There’s a line in Hal Ketchum’s “Someplace Far Away” that is cautionary for sellers in today’s multichannel world: “Be careful what you’re dreamin’ cause it someday may come true.” If you were dreamin’ that a lot of people would want to sell your product (likely because a lot of people want to buy it!), and lo and behold a lot of people do….well, your dream may very well have come true. But along with the potential for sales, having a plethora of sales channel options creates the potential for conflict – channel conflict that is. And channel conflict can be absolutely destructive to your sales efforts and to your company.
Below are some quotes that we have heard from our clients and their channel partners over our 16 years helping companies accelerate sales growth:
Direct vs Retailer Conflict:“My customers can buy it cheaper from you directly online.”
Online channel conflict: “You’re all over Amazon.”
Direct vs Distributor conflict: “I have no interest in working with a supplier whose outside sales team competes with me.”
Or the dreaded Intra-company conflict:“Our inside sales team is competing with our outside sales team!”
If the sounds from your field sound at all like the quotes above, then you should be on red alert. Let’s examine some root causes of channel conflict, and how multichannel sellers can best manage it.
Causes of and Solutions For Channel Conflict:
In our experience, channel conflict generally stems from one of three areas: 1) greed, 2) lack of communication with channel partners and, 3) a lack of a rule based channel strategy.
Let’s explore greed first.

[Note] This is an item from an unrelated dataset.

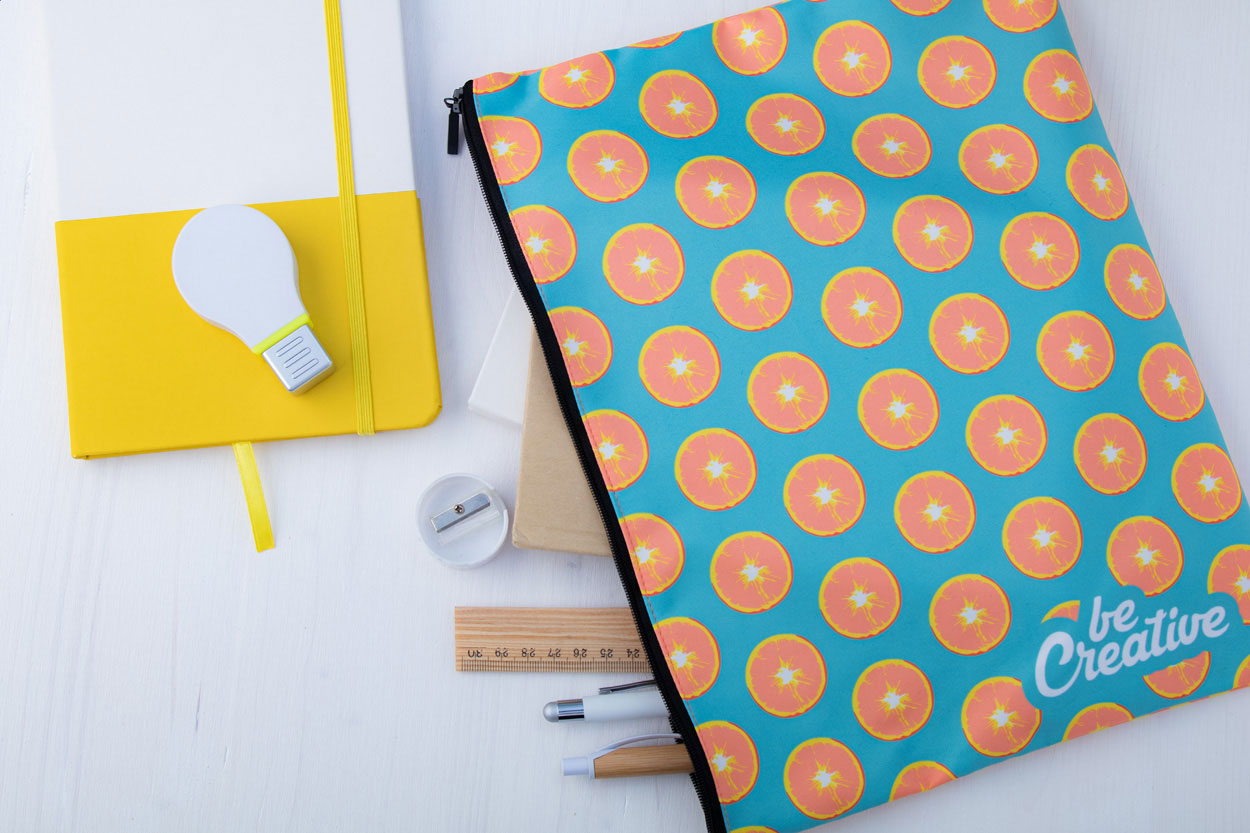 Individuelle Dokumentenmappe, mit Reißverschluss aus Polyester. Größe A4. Der Preis ist inkl. vollflächigem Sublimationsdruck. Mindestmenge: 25 Stk.

An example of channel greed is keeping a big sale in house rather than giving it to a channel partner as required by your channel rules. Sure, there are a lot of ways to rationalize doing such a thing. Maybe it’s a tight quarter and you need the extra margin. Maybe a new sales leader is trying to prove his or her worth by bloating the in house sales pipeline. It can happen. Good lead distribution procedures can guard against greed in many cases. But when a sales manager sees it happening it must be dealt with immediately. Consider the Broken Windows Theory of policing in the context of allowing bad/greedy behavior go in your sales organization.

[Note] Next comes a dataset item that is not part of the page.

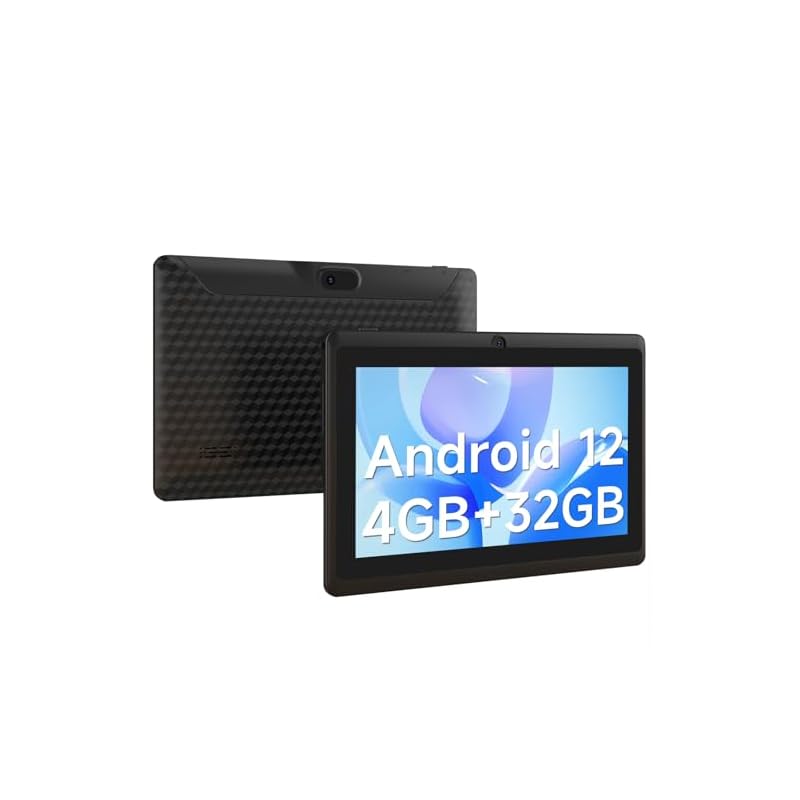 Especificaciones: PEICHENG Tableta Android 12 de 7 pulgadas, 4 GB de RAM, 32 GB ROM, procesador de cuatro núcleos de 1.5 GHz, cámara dual, pantalla IPS HD de 1024 x 600, expansión de 512 GB, WiFi, BT, tableta de 7

Paraphrasing the Broken Windows Theory, it states that visible signs of crime and anti-social behavior can create an environment that encourages further crime and disorder, including serious crimes. The same is true for bad behavior in your sales organization. If small instances of greed are not addressed you can be sure they will grow in frequency and size to the long term detriment of your business. Deal with it immediately.
Another source of channel conflict is simply poor communication with your channel. No one likes business surprises, and your channel partners are no different. As you enter a new channel, add channel partners or expand into a new region, your existing partners, regardless of channel, will have questions about how this impacts them. Proactive, open communication with your partners, highlighting both the opportunities, and potential risks to them (if any) will not only help ease discomfort from the channel, but also will allow for valuable feedback from them on your strategy. The Voice of the Channel (VoC) is a valuable tool for multichannel sellers, and a formalized VoC capture program should be instituted to ensure that it remains an integral input in your channel decisions.
Finally, good channel management is always rules based, both from a lead registration, strategy and compensation perspective. Creating and managing a lead registration system is a challenge for most growing companies, but the value in keeping the channel peace and be enormous. Rules for registration will help avoid conflict, and of course provide expansive insight into your pipeline. As part of your channel rules, each channel participant should understand what their “lane” is and where and to whom they can and cannot sell. A good rules system is detailed and includes discussion of scenarios governing the inevitable gray areas where channel sellers will cross paths (both vertically with other channels and horizontally within the same channel). Your rules system may also seek to remove financial incentives for channel conflicts. Strategies for doing this will vary by industry and company, but at the core, removing financial incentives means creating a broad based compensation structure that aligns the financial interests of potentially competitive channels/sales professionals. Your channel rules should be reviewed, revised as needed, and redistributed annually, on a per partner basis if possible.
It’s important to remember that your channel partners likely have capabilities that you do not, frequently around customer service. Understanding your channel partner capabilities and utilizing those for mutual benefit will deepen the partnership and lessen the likelihood of channel friction. Regardless, building a multi channel sales operation and the associated partner relationships is a long term investment that requires long term thinking. Let the vision of your business 5 years from now and beyond be your guide in dealing with channel conflict and your dreams may come true in the best possible way.